California approved a plan Friday to make flag football a girls’ high school sport amid the sport’s rising popularity and a push to get more female athletes on the field.
The move by the California Interscholastic Federation – the statewide body that governs high school athletics – makes flag football an official sport for girls in the nation’s most popular state for the upcoming 2023-24 year. The plan was approved unanimously by the federated council of the organization in Long Beach, said Rebecca Brutlag, a spokeswoman for the agency.
Paula Hart Rodas, president-elect of the CIF Southern Section council, said the goal is to get more girls involved in high school sports and tap into the widespread love of football among many who don’t like to play. and tackle. Southern California schools from Long Beach to Corona hope to start teams in the fall and the approval allows districts to add the sport to their budgets, Hart Rodas said.
“You can love the game of football and not want to fight but still want to participate,” Hart Rodas said. “Today’s banner is directly aimed at getting more girls involved in athletics by adding a different sport that we know girls across the country are interested in, but aren’t willing to play for a variety of reasons. .”

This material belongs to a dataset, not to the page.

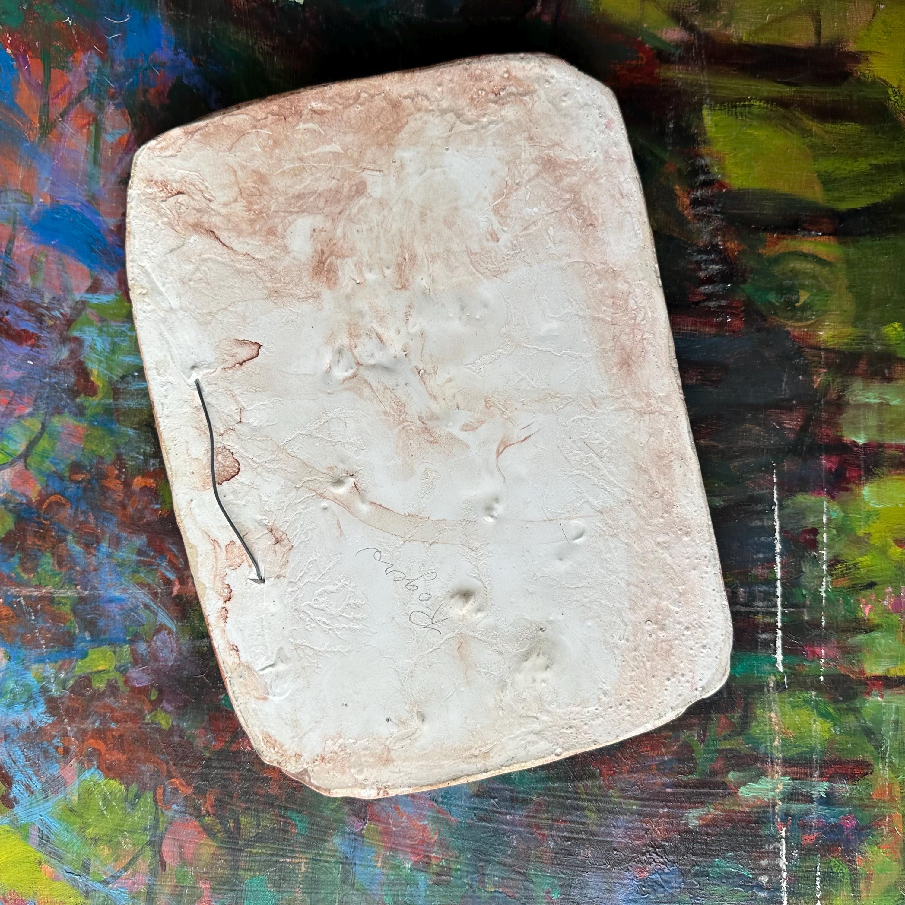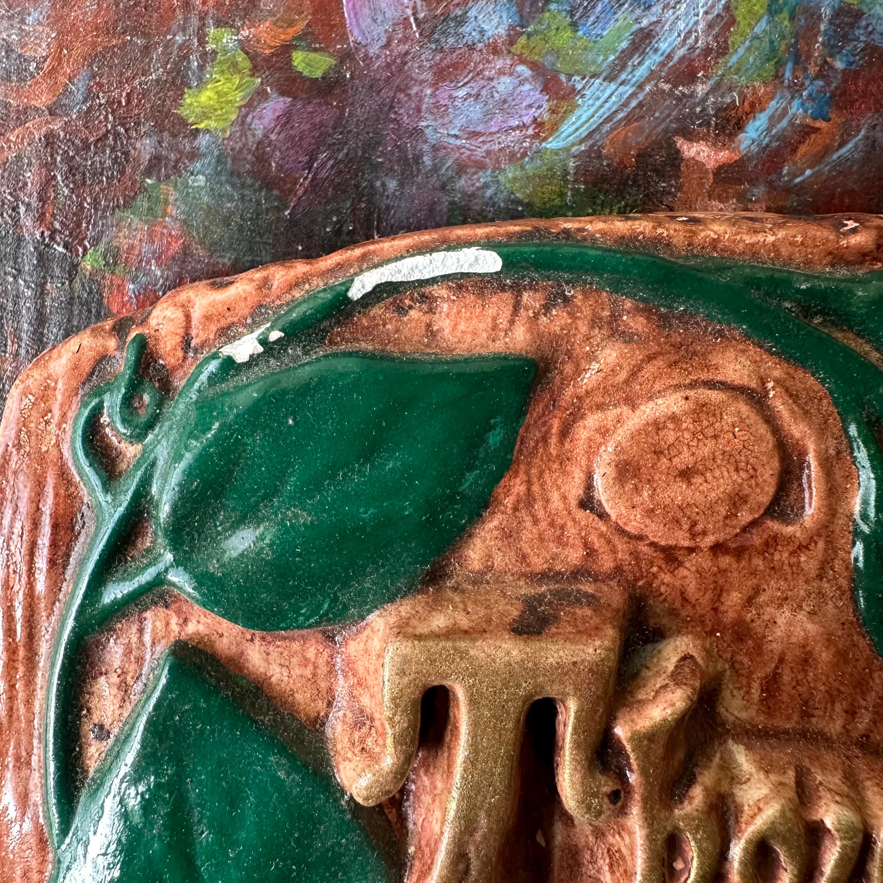 The chalkware is in good vintage condition for its age and use. The colors are still bright and there are no cracks to the chalkware. There are two chips to the top left corner morning glory stem, exposing the white chalk underneath. The wire loop is still embedded firmly.

The move adds California to a growing list of states that have incorporated female flag football into high school athletic programs, such as Alabama and Nevada. New York State public high school athletic association made a similar move this week and looks forward to hosting the first state championship for girls flag football in the spring of 2024.
California’s vote comes amid a surge of interest in flag football among youth players in recreational leagues and growing support from the NFL and teams like the Los Angeles Rams and Los Angeles Chargers, which became ran a pilot high school league for women in Southern California.
Many schools have signed up to take part in the pilot and those chosen to do so – and the enthusiastic young players who play it – are widely seen as pioneers of the game.
Paul Schmidt said being part of a start-up was exciting for his 14-year-old daughter, who had never played flag football before trying out for the team at Redondo Union High School, one of the schools. who joined the league. Making the official of the sport should facilitate the securing of time in the field, he said, and give an impetus to a tight group of girls who come together to start something new.
“He loves it, loves it. It’s exciting to be in a new game,” he said.
Rising interest in flag football – where no one can be tackled and a game ends when an opposing player pulls a flag from a belt around the ball-carrier’s waist – comes amid concern about the risk of concussions and other injuries from tackle football.
In the decade leading up to 2018-19, the number of girls playing flag football in US high schools doubled to 11,000, according to the National Federation of State High School Associations.
Without CIF approval, California high schools may organize flag football clubs. But coaches say allowing official interscholastic competition will likely push more schools to start teams and develop a pipeline of players.
Troy Vincent Sr., the NFL’s executive vice president of football operations, wrote in Sacramento Bee those times have changed since he played professional football, which was once “widely seen as a man’s game.” He said high school players can play in college and beyond because universities are also growing the game.
Vincent also pushed to add flag football to the 2028 Olympic Games in Los Angeles.
“It’s no longer a backyard sport for girls’ pickup games during family holiday gatherings,” he said.